Medina refers to a Washington Post story in which student test scores nationally dropped for 13-year-olds, typically eighth graders, by 9 points in math and 4 points in reading, the National Assessment of Educational Progress (NAEP) found, referred to as “the nation’s report card.” NAEP measures student achievement in the K-12 system and determined the lowest-performing students were severely impacted in recent years, as were youth of different races and ethnicities.

These national outcomes generally are consistent with Nevada’s plummet in test scores within the past two to three years.

Students have missed important classroom instruction with their teachers, and it’s made a difference, Medina said. There’s also been a lack of any “consensual push” at the legislative level for education as a federal priority as it was during the early 2000s.

“When you think of it, No Child Left Behind was a bipartisan bill,” he said. “Right now, that’s not happening. It’s chaos (federally).”

Targeting student populations with the biggest needs is a priority, Medina told the Appeal. But possibly there’s an even bigger need to help the educators first, he said.

“I’d say they need a sense of vision of where we’re going,” he said. “Everyone was on the same page, we’re all moving toward the same vision in student achievement, as well as the site administrators. We’ve still got to graduate kids college- and career-ready. It’s going to be tough, and we recognize that some of our kids are behind, but that’s the target we need to get to.”

Getting parents and community members to support the schools’ efforts is equally important. Encouraging them to participate on school improvement teams and examining the data and understanding their students’ needs helps teachers and the staff members at all levels, he said.

And Medina said he thinks of those who have worked the hardest to perform.

“I would say our students have been through a lot,” he said. “I think about how teachers have had it bad. A lot of them know they’ve been struggling. I think that it’s our response as adults to figure out how to get them to be successful.”
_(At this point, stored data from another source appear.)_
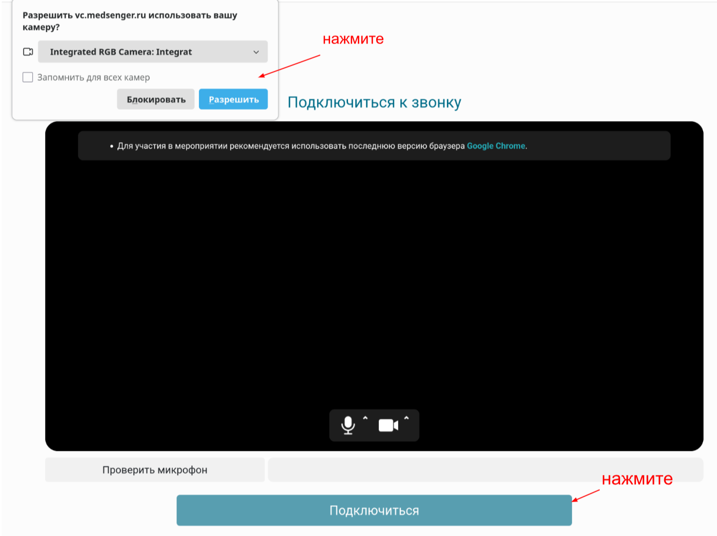 При подключении к видеозвонку требуется выдать разрешение для использование микрофона и камеры на вашем устройстве.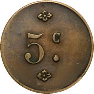 Jeton de 5 c - Commerçants réunis - Ouveillan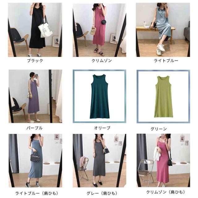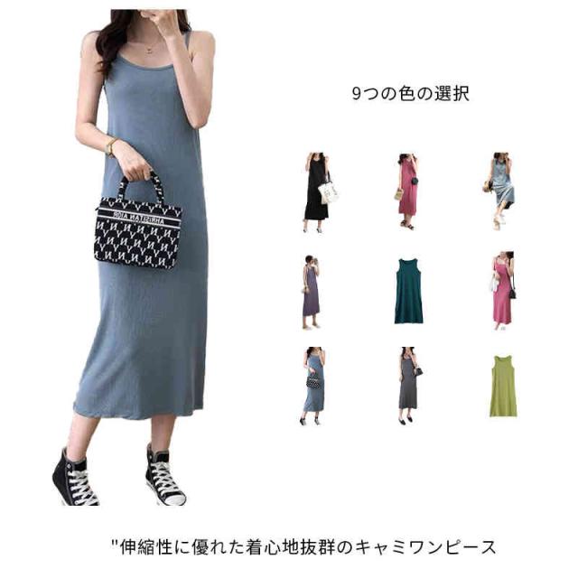 インナー ワンピース ノースリーブ ワンピース キャミソールワンピース キャミワンピ ペチコート 肩ひも ルームウエア レディース 春 夏 秋 無地 ロング 透け防止 レイヤード 重ね着 シンプル ホワイト ブラック グレー ブルー ベージュ M L XL 送料無料

It can be “heartbreaking,” for his part, to announce a star rating to a school’s administrators and teachers and it isn’t as high as expected.

“They’ve invested their lives into this,” he said. “It’s like anything. If you train for a race and you come in third place instead of first, it’s rough.”

And to encourage the current generation of teachers willing to do the job at all, while not impossible, is important.

“We have to go back to having some faith in our educators,” he told the Appeal. “I think it’s been tough the last couple of years. If I went back in time, if I was coming out of the college classroom today, I’m not sure I would want to be a teacher. It’s not the most popular profession right now and it’s even more difficult. There’s not as many teachers to pool from. There’s not as many teachers lifting the heavy load.

“And I would say the story is how they’re rallying together, how they’re pulling together at that site level to really identify what the needs are for their kids. I’ve seen a lot of innovation this year — administrators, teachers willing to try new things for their kids and they know it’s a challenge, something they need to overcome.

“We’re all in the same boat. We’re either all going to sink this boat or we’re going to rise to the occasion.”